Conclusions - (a) The allegation that the appellant clandestinely manufactured and cleared 2490.880 MT of finished goods to third parties was held unsubstantiated and unsupported by corroborative evidence; (b) the demand of Rs. 71,14,525/- under Section 11A(4) on account of alleged clandestine manufacture and clearance, along with consequential interest, was set aside.
Issue (3): Admissibility and evidentiary value of third-party statement under Section 9D
Legal framework (as discussed) - Section 9D of the Central Excise Act governs the relevancy and admissibility of statements made before gazetted Central Excise officers. It prescribes conditions under which such statements may be treated as relevant and the mandatory procedure for their use as evidence, including examination of the maker as a witness and opportunity for cross-examination, unless circumstances under Section 9D(1)(a) exist.
Interpretation and reasoning -
(a) The adjudicating authority had primarily relied upon the statement of the buyer's director, who had allegedly admitted that the buyer's transactions were only on paper and that invoices were received without corresponding physical receipt of goods. The Tribunal found that this statement, though recorded during investigation, had not been dealt with in accordance with Section 9D-there was no examination of the maker before the adjudicating authority, no recorded satisfaction for admitting the statement in evidence, and no opportunity for cross-examination.
(b) By referring to binding judicial precedents interpreting Section 9D, the Tribunal held that: (i) statements recorded during investigation cannot be treated as relevant evidence to prove the truth of their contents in adjudication proceedings unless Section 9D(1) is complied with; (ii) in absence of compliance, such statements lose their evidentiary value; and (iii) if the procedure under Section 9D is not followed, reliance on such statements amounts to reliance on irrelevant material, which vitiates the finding.
(c) The Tribunal applied these principles to the present case and held that the buyer's director's statement, being untested and admitted without compliance with Section 9D, had no evidentiary value and could not be used to sustain the demand or to prove that no goods were actually supplied by the appellant.

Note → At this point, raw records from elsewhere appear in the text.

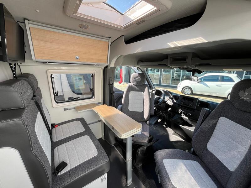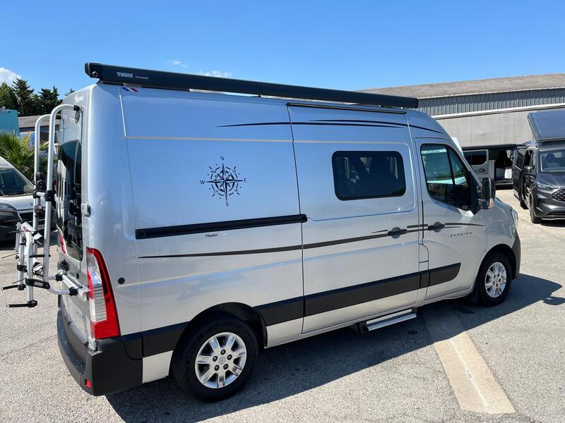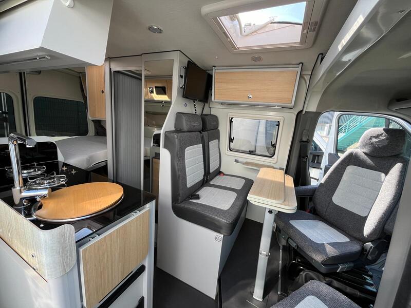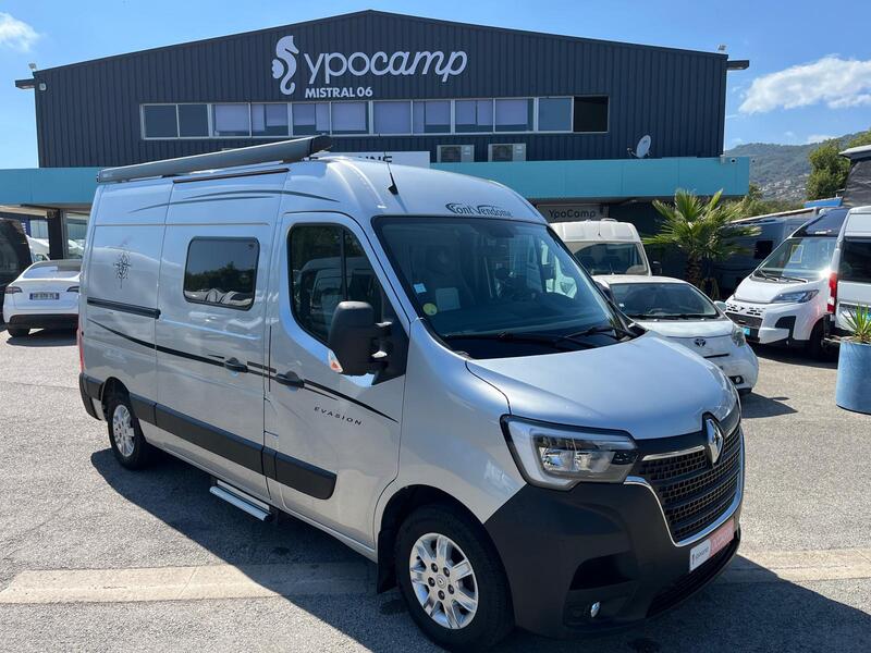 Ce fourgon mesure environ 5,57 m de long, 2,07 m de large et 2,60 m de haut, ce qui le rend compact tout en garantissant un espace intérieur suffisant. Il est généralement équipé d’un moteur diesel Renault Master de 135 à 150 chevaux, avec boîte manuelle ou automatique selon la version. Il peut accueillir 4 personnes assises et offre jusqu’à 3 couchages, grâce à un agencement bien pensé.
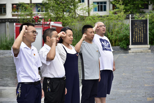 小组党员在印江县木黄会师纪念馆前重温入党誓词
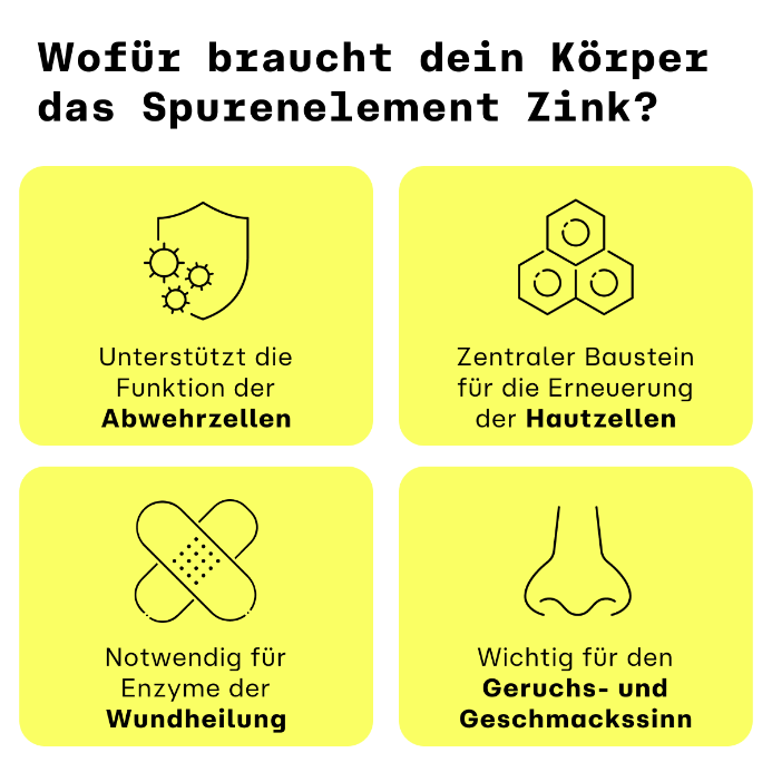 Dein Geschmacks- und Geruchssinn: Das Spurenelement unterstützt deinen Körper dabei, die dafür notwendigen Sinneszellen regelmäßig zu erneuern. Ein Mangel kann dazu führen, dass Speisen weniger intensiv schmecken oder Gerüche schwächer wahrgenommen werden.1,3
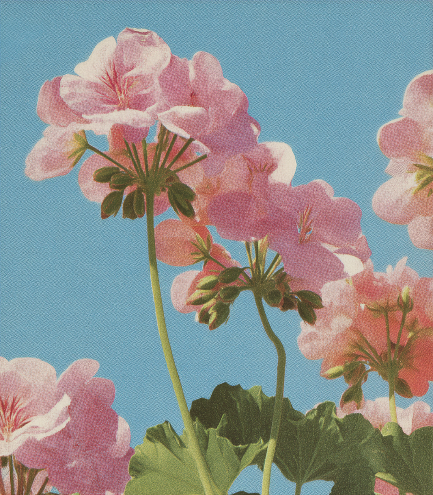Vivid pink geranium flowers against a clear blue sky, delivering a perfect balance of color and textures. A summer's dream!
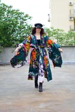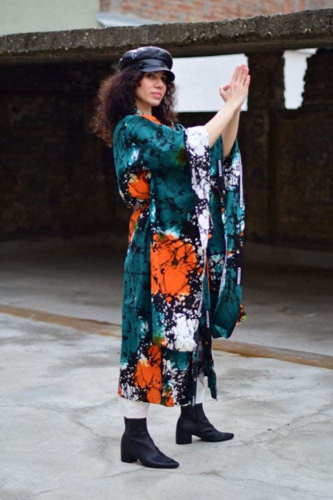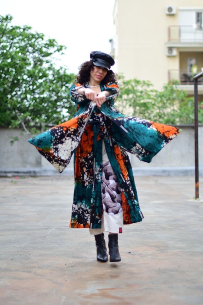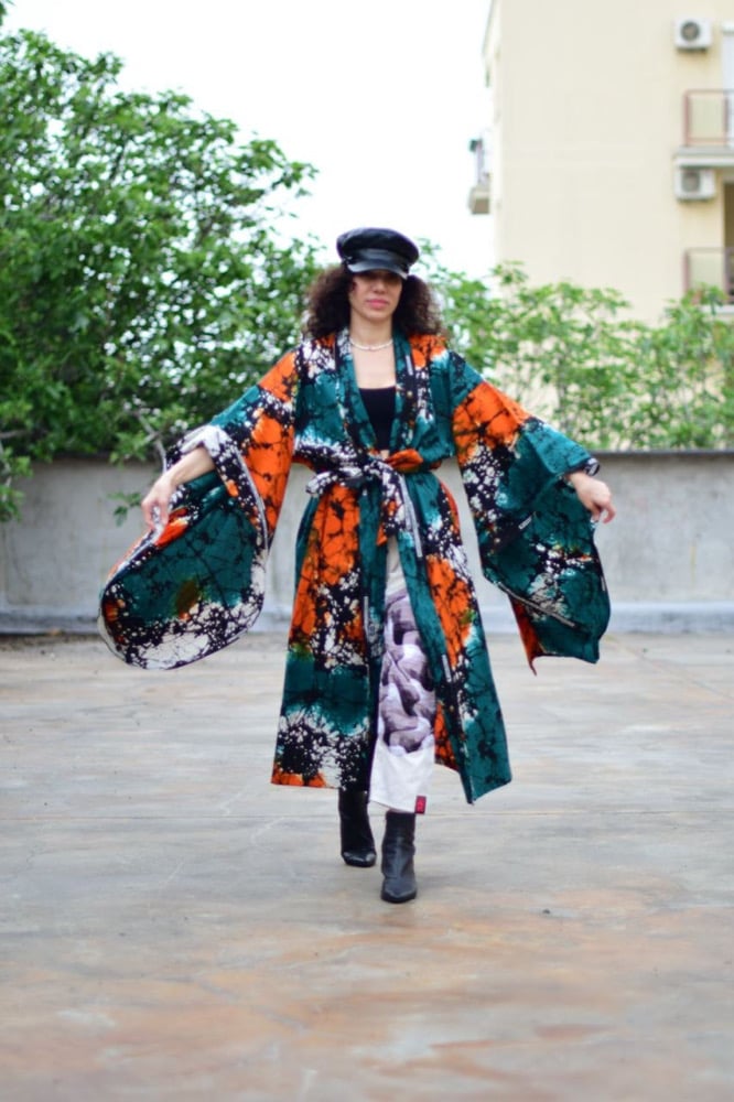 This is the kimono you wear when you want the world to stare.Green Rocks comes with that cracked-stone pattern — orange, green, white — like nature split open just for you. Raw. Textured. Alive.

Conclusions - (a) The statement of the buyer's director, recorded during investigation, was held inadmissible and devoid of evidentiary value for want of compliance with Section 9D; (b) such untested statement could not be relied upon to support the allegations of non-supply of goods or clandestine diversion by the appellant.
Issue (4): Sustainability of penalties on the company and its director
Legal framework (as discussed) - Penalty equal to duty was imposed on the company under Section 11AC for alleged suppression and clandestine clearances. A separate penalty was imposed on the director under Rule 26(1) read with Rule 26(2)(ii) of the Central Excise Rules, 2002 for alleged involvement in the offence.
Interpretation and reasoning -
(a) The Tribunal held that once the substantive duty demands, both under Section 11D and under Section 11A(4) for clandestine clearances, were found unsustainable on merits, no question of penalty or interest could survive. With the main charge itself failing, penal provisions could not be independently invoked.
(b) As regards the director, the Tribunal found that the Department had not brought on record any corroborative evidence to establish his personal knowledge, participation, or conscious involvement in any act of issuing bogus invoices or diverting goods to undisclosed customers. In absence of specific evidence, mere designation as director could not justify penalty under Rule 26.
Conclusions - (a) Penalty on the company under Section 11AC, being consequential to an unsustainable demand, was set aside; (b) penalty on the director under Rule 26(1) read with Rule 26(2)(ii) was also set aside due to absence of corroborative evidence of his involvement; (c) with both demands having been quashed on merits, corresponding liabilities for interest and penalties did not survive.